### Activity
Print, exactly as they stand, the lines below from the one that has "Встреча депутатов фракции" to the one that has "3)守护设置,ta的手机没电", inclusive, leaving out the pictures.

++++ Provided information ++++

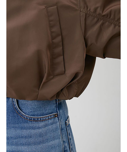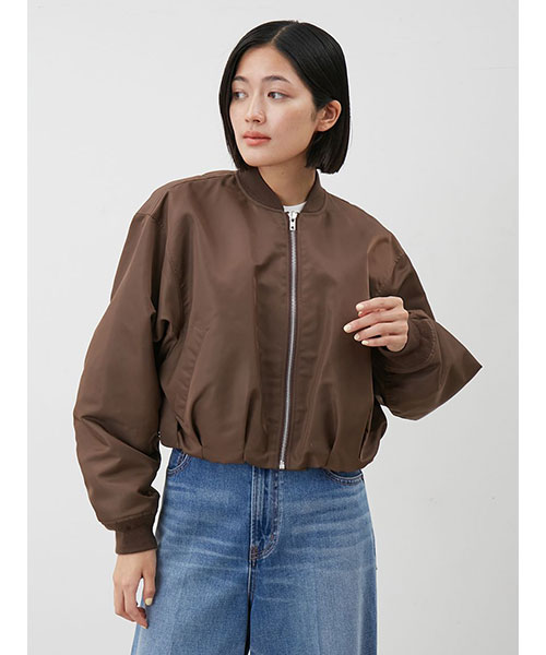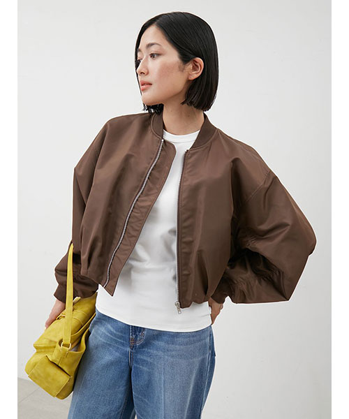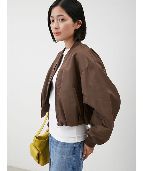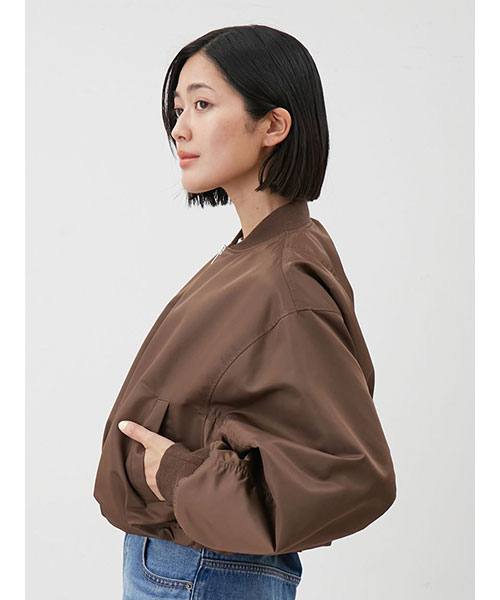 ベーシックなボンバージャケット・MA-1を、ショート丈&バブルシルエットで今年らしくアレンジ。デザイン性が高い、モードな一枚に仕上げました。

++++
++++ Provided information ++++

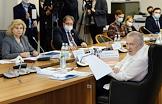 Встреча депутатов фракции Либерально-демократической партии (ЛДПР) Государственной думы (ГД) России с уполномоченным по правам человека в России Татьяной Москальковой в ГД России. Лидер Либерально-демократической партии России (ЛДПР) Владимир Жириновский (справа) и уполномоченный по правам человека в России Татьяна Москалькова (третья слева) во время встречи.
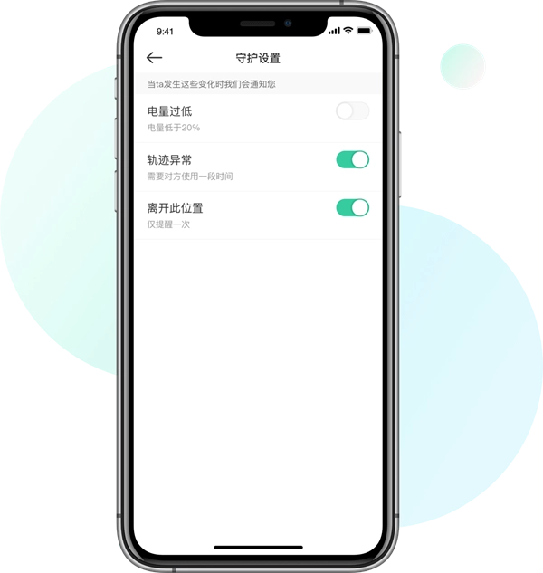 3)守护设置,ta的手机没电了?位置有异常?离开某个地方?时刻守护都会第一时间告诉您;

++++

### Exercise answer
 Встреча депутатов фракции Либерально-демократической партии (ЛДПР) Государственной думы (ГД) России с уполномоченным по правам человека в России Татьяной Москальковой в ГД России. Лидер Либерально-демократической партии России (ЛДПР) Владимир Жириновский (справа) и уполномоченный по правам человека в России Татьяна Москалькова (третья слева) во время встречи.
 3)守护设置,ta的手机没电了?位置有异常?离开某个地方?时刻守护都会第一时间告诉您;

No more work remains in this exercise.